Yeah.
But uh, then when we finished all the work on the fields, we covered up the potatoes. You see, what they did in Poland, they were, we were making like uh, like ditches like. We were putting in the potatoes, putting in straw and sent, putting po...the potatoes and then covered them up with straw and then with sand on top or covered. And that's all. So they, they were holding up all winter. And when we were finished working, we were done with the work. So one day they came in from Skarzysk they same Ukraine, with the, with the Lagerführer from Skarzysk. The main guy, his name was Ipfling. And uh, and they took us in two big trucks. And they took us on the, on the trucks and they took us to Skarzysk. There was no place where to go anymore. No place where to run. Otherwise I could run away even on the way there. But there was no place where to go. I had no place where to go. Nobody would let us in. So I went to Skar...I didn't came to Skarzysko until the end of--it was like Christmas time. The end of December. Like the beginning of uh, of uh, forty uh, '43 and the end of uh, '42. It was in Decem...exactly. We were finished with the work on the field. They didn't need us anymore there, so they took us then to Skarzysko working in ammunition factory.

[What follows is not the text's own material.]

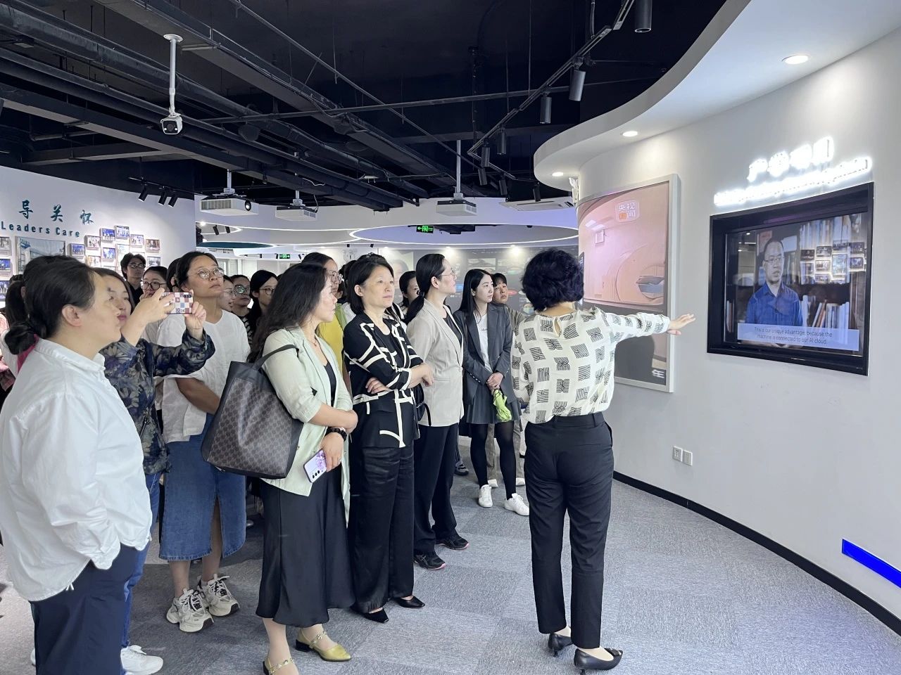 全國(guó)三八紅旗手、全國(guó)杰出創(chuàng)業(yè)女性、全國(guó)巾幗建功標(biāo)兵、浙江省政協(xié)委員、杭州市婦聯(lián)執(zhí)委、杭州市女知識(shí)分子聯(lián)誼會(huì)會(huì)長(zhǎng)、健培科技婦聯(lián)主席、聯(lián)合創(chuàng)始人季紅麗;健培科技婦聯(lián)副主席閆亞亭;健培科技婦聯(lián)執(zhí)委、黨支部書記謝金波熱情接待。季總帶領(lǐng)考察團(tuán)參觀了健培科技醫(yī)療AI國(guó)際創(chuàng)新中心,詳細(xì)介紹了公司的基本情況,以及公司促進(jìn)、扶持并服務(wù)女性創(chuàng)新創(chuàng)業(yè)的情況,并展示了人工智能在醫(yī)療健康行業(yè)的創(chuàng)新應(yīng)用。季總還分享了健培婦聯(lián)利用人工智能、云計(jì)算、大模型等新興技術(shù)融入基層健康管理工作中,保障婦女、兒童以及老人群體的健康權(quán)益,通過啄醫(yī)生AI診室載體對(duì)社區(qū)居民的健康體征進(jìn)行日常監(jiān)管,有效發(fā)揮婦女獨(dú)特作用,是推進(jìn)健康領(lǐng)域婦女組織建設(shè)重要舉措。

In Skarzysko you worked in the munitions factory.
Yes. Making bullets.
Was it the Pulver Fabrik? Is that what it's called?
Huh?
You were...
It was the Hugo Schneider Aktiengesellschaft.
HASAG.
Yes. ??? H.S. that was the abbreviation. It was HASAG.
We'll stop for a second.
[interruption in interview]
Came in, they started. It's impossible to tell everything, you know. They were killing people just--if a guy from, there was a guy by the name Heig, also a Volksdeutsch. And he used to get drunk. And uh, uh, he went out and he came and uh, you know, in the, in the, in the city and...So he killed, and killed himself a Jew. That was his uh, pleasure.